__Exercise description__: Below are some records. Write out exactly their lines from the one with "In November 2022, the" through the one with "롯데손해보험 ALICE에서 출시한", and leave the pictures behind.

__Given records__:
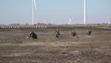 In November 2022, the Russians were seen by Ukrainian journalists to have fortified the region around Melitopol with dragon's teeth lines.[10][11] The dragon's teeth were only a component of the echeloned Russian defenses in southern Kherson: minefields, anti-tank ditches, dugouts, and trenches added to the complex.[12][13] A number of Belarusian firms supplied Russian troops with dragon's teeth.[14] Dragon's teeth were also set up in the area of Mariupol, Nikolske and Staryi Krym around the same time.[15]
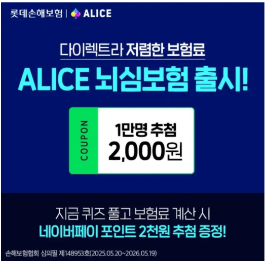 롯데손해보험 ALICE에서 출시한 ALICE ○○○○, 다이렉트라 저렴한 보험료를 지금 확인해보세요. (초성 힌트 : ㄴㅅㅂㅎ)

==

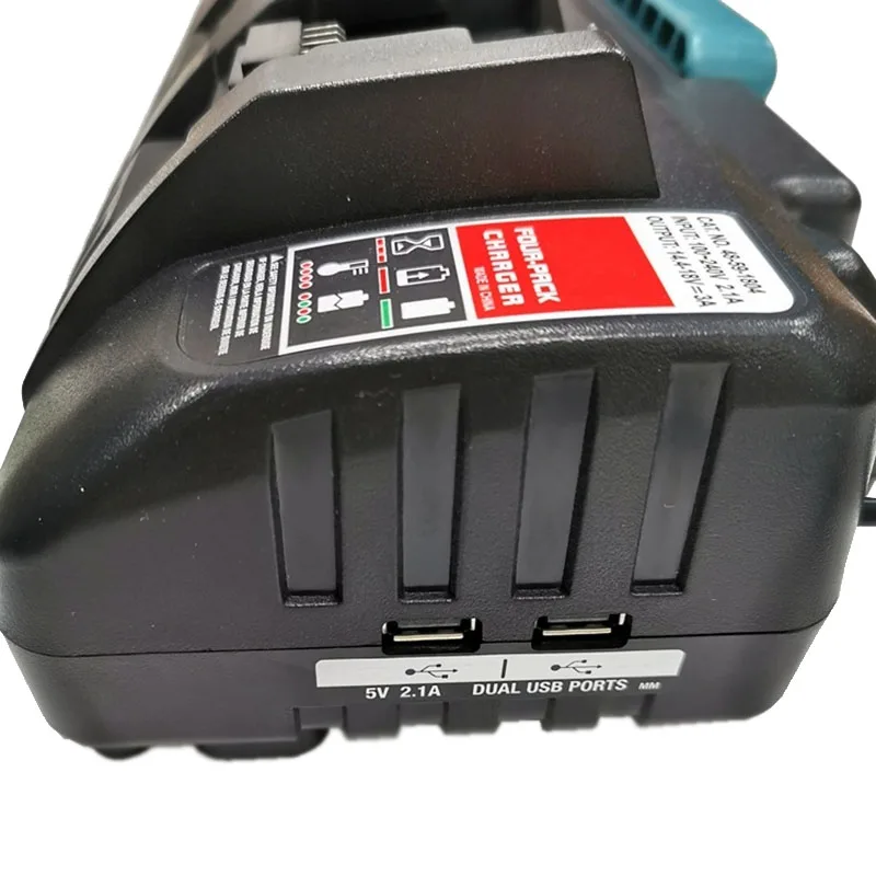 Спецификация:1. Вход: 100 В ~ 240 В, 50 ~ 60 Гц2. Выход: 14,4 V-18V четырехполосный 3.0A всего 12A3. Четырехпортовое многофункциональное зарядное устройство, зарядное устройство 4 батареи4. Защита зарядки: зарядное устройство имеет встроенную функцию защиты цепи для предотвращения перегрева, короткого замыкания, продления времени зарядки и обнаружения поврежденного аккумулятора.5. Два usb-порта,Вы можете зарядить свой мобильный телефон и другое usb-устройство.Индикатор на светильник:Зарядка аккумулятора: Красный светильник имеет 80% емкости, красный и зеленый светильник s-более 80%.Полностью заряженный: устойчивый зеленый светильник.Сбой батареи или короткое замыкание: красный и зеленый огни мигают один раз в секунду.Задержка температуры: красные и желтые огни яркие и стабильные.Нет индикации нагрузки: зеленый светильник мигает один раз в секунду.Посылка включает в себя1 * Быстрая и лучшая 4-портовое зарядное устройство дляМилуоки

__Task response__:
 In November 2022, the Russians were seen by Ukrainian journalists to have fortified the region around Melitopol with dragon's teeth lines.[10][11] The dragon's teeth were only a component of the echeloned Russian defenses in southern Kherson: minefields, anti-tank ditches, dugouts, and trenches added to the complex.[12][13] A number of Belarusian firms supplied Russian troops with dragon's teeth.[14] Dragon's teeth were also set up in the area of Mariupol, Nikolske and Staryi Krym around the same time.[15]
 롯데손해보험 ALICE에서 출시한 ALICE ○○○○, 다이렉트라 저렴한 보험료를 지금 확인해보세요. (초성 힌트 : ㄴㅅㅂㅎ)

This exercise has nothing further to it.